La mia lingua depredò all’istante quella folta macchia della sua celata caverna facendola zampillare di goduria, mentre mi dissetavo del suo saporoso, giovane e fresco liquore. I suoi orgasmi erano straripanti, lei si contorceva dal piacere, nel contempo lei mi masturbava il cazzo di continuo. Contrazioni muscolari inedite e indefinibili si diffusero nella zona pelvica, il mio cazzo stremato in conclusione espulse poche gocce di denso sperma, che lei degustò libidinosamente inghiottendole. 

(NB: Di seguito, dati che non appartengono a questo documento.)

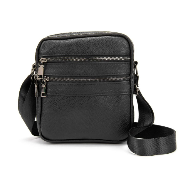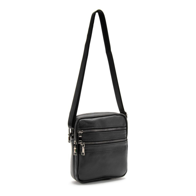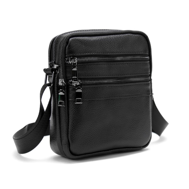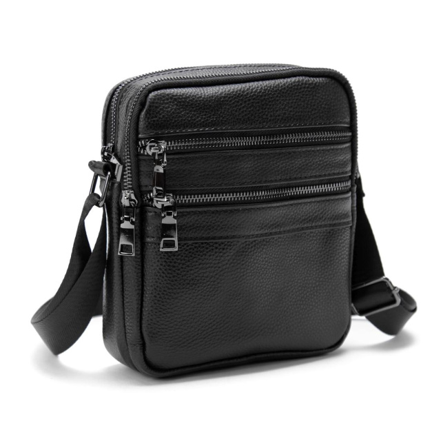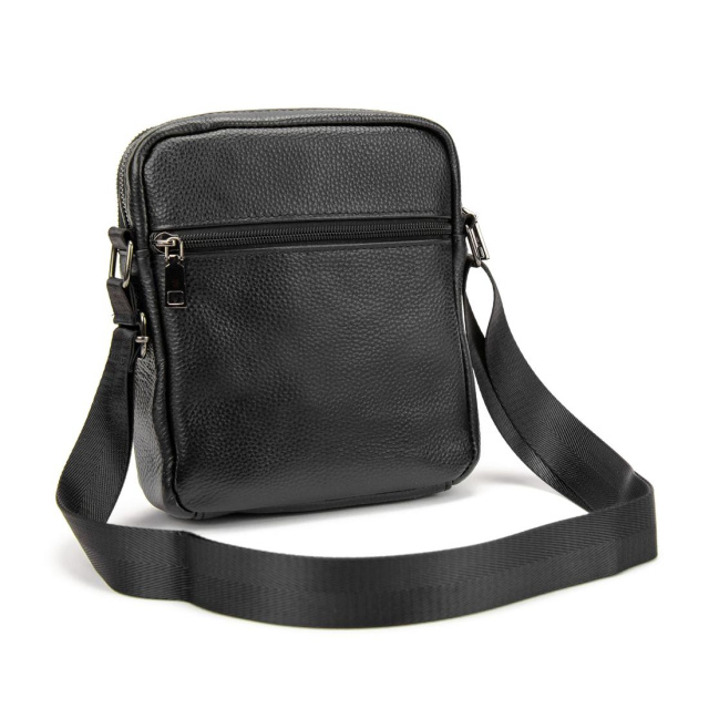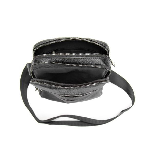 Сумка через плече 73646A з натуральної шкіри в чорному кольорі, зернистої фактури.

Il mio cuore parve franare, io supposi veramente di schiattare anche se di piacere. La faccia innegabilmente estasiata esibì forse la tribolazione di quel piacere estremo, Eleonora lo ravvisò precipitandosi subito nel baciarmi per confortarmi. Per un tempo incalcolabile distinsi scorrere nella mente distesa tutta la mia esistenza, sì, adesso potrei pure spegnermi e spirare ripetei verso me stesso in quella soave indolenza della mente, giacché in quell’istante riuscii soltanto a dirle: 

“Sei favolosa Eleonora, adesso non ho afflizioni né crucci né rimorsi, sono davvero appagato, mia deliziosa e speciale unica bambola”. 

Lei si distese vicino, abbracciata teneramente a me, mentre ascoltavamo i nostri intrinsechi pensieri nel silenzio del mondo.